On why and how are innovation scouting analysts slowly killing themselves on repetitive tasks — What can we do about that? — A glimmer of hope.
For a corporate venturing professional (in M&A, corporate development or CVC, or a head of innovation), most of the effort is focused on disqualifying bad startup candidates. As with VCs, less than 1% of applicants (or potential matches) will end up with an engagement option.
We call it the SAD syndrome, as a three-step fatalism: Spot — Analyse — Drop. Thousands of hours wasted in vain. Too bad. SAD. Spot. Analyse. Drop. Repeat.
SAD is not a fatality. AI can take on most of that work. It is able to read, vectorise, understand, score — and match. Our estimation is that the smart use of the latest technologies can reduce analysis time by 80%, and reduce the closing time by half because of time compression in the exploratory phases.
How can we do that?
First. Personalisation and continuous improvement
Every company follows a different strategy and engages in very specific innovation programmes. To some extent, that strategy is the company’s DNA that builds its uniqueness, and therefore establishes its competitive position within the market. Yet startup databases would retrieve the same results from a similar input. This is why Novable believes in dedicated search models that are able to adapt themselves progressively to deliver the most relevant startups. Our technology is built upon machine-learning techniques that improve each model with time; realistically, this is actually the only way to make the most out of the potential of artificial intelligence.
Second. Network science
Any business lives within an environment, with connections being like the air that sustains them. Customers, partners, employees, investors and stakeholders combine to create a network that can be scrutinised by network science techniques. Understanding the links between companies and people helps us to find hidden gems, lookalikes, opportunities and threats that are not usually available in structured databases.
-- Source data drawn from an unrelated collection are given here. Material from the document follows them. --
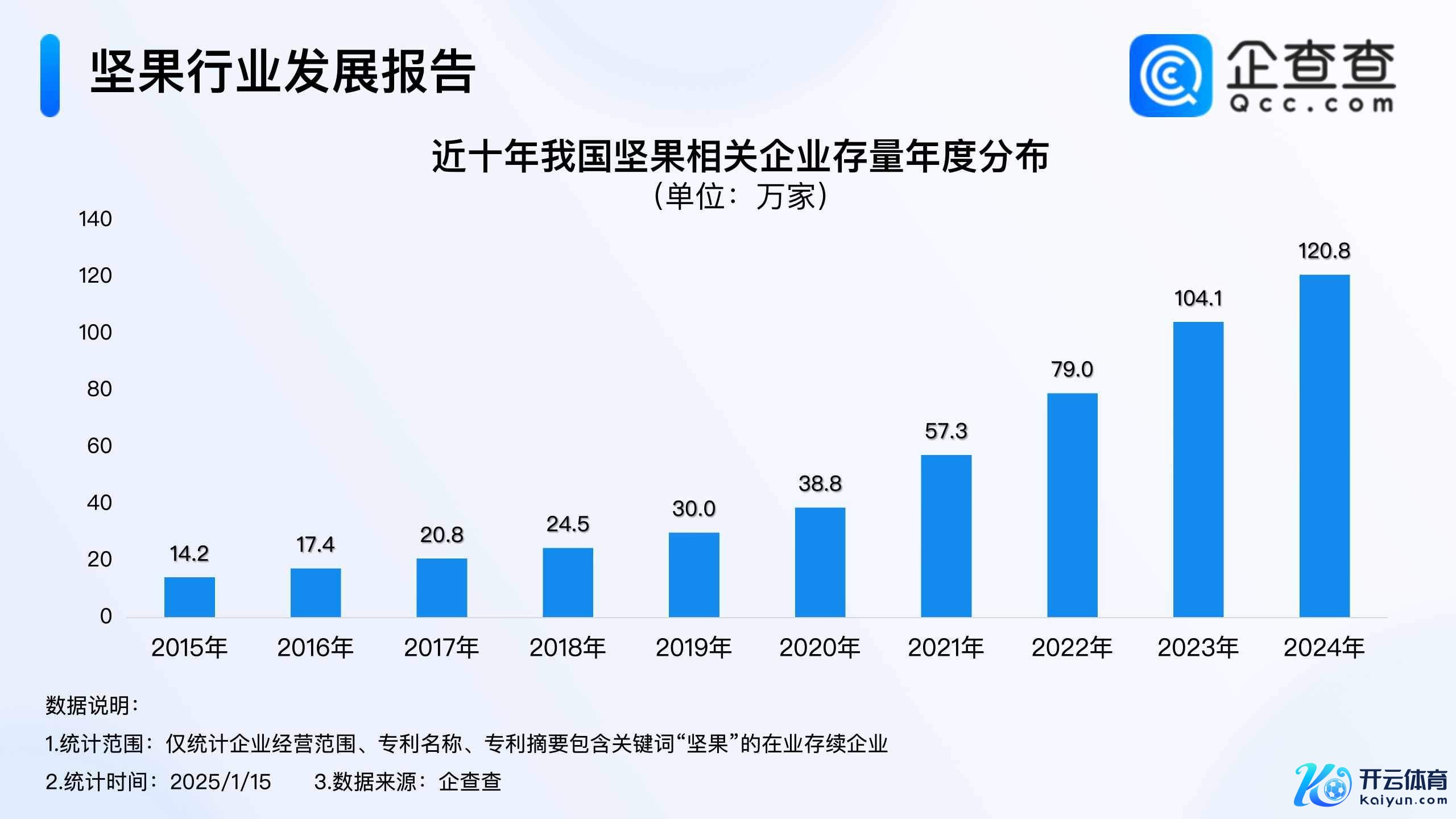 企查查数据显现,近十年,我国坚果关联企业存量逐年增多,并于2023年末初次冲破100万家,达104.1万家,2024年末达120.8万家。适度2025年1月15日,我国在业存续121.5万家坚果关联企业。
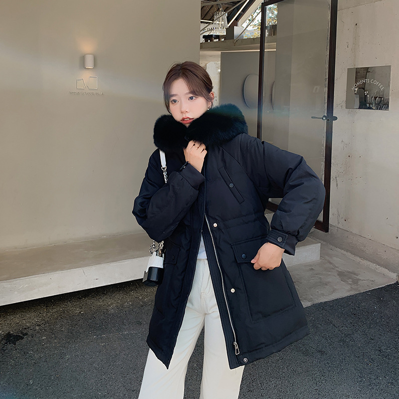 中长款羽绒服女2023冬季新款甜美收腰显瘦狐狸毛领保暖白鸭绒外套
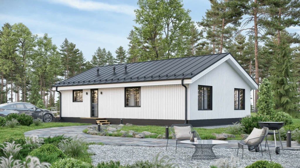 Дом одноэтажный каркасный Синди 96м2 с террасой 16м2
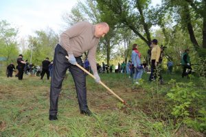 Евгений Солнцев вышел на большой субботник в Зауральной роще Оренбурга
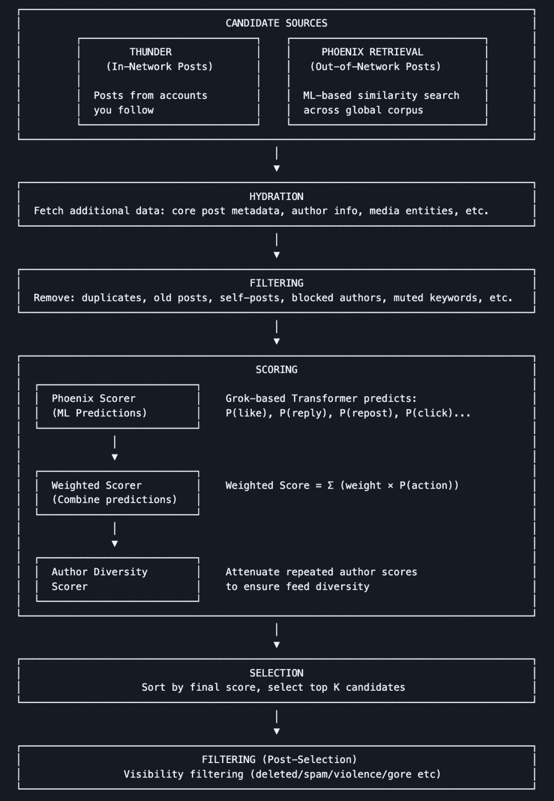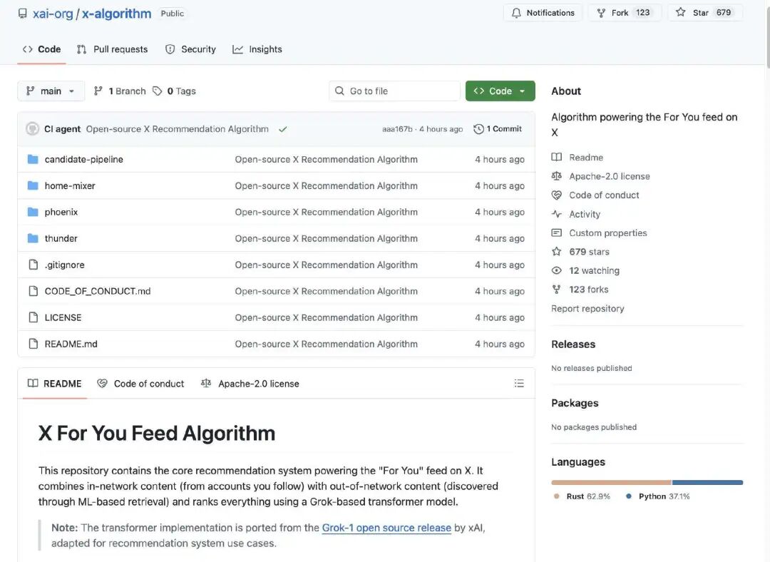 刚刚,X 工程团队在 X 上发帖宣布,正式开源 X 推荐算法,据介绍,这个开源库包含为 X 上的“为你推荐”信息流提供支持的核心推荐系统,它将网络内内容(来自用户关注的帐户)与网络外内容(通过基于机器学习的检索发现)相结合,并使用基于 Grok 的 Transformer 模型对所有内容进行排名,也就是说,该算法采用了与 Grok 相同的 Transformer 架构。

Third. Context-based matching
Startup databases focus on financial data and firmographics, but information about the startup’s actual activity is both brief and rare, and usually rather explicit (as it is often submitted by the startups themselves). However, corporate strategies need to be fed with content, updates, active information, accurate product descriptions, and contextual data around each startup. That’s why Novable starts by collating this live content using a bottom-up approach: crawling websites, social profiles and news feeds, and linking innovation-related data points like patents and scientific publications. Contextual intelligence holds the key to improving the matchmaking relevancy.
Fourth. Lean-back service
Delegating research to consultants or browsing a database are lean-forward activities. They require an active involvement and specific skills, and they are time-consuming. The Novable approach slides the majority of the effort required to the computer under a Pareto-like rule: 80% of the tasks are delegated to the machine, leaving the professionals free to tackle the most productive parts of the work.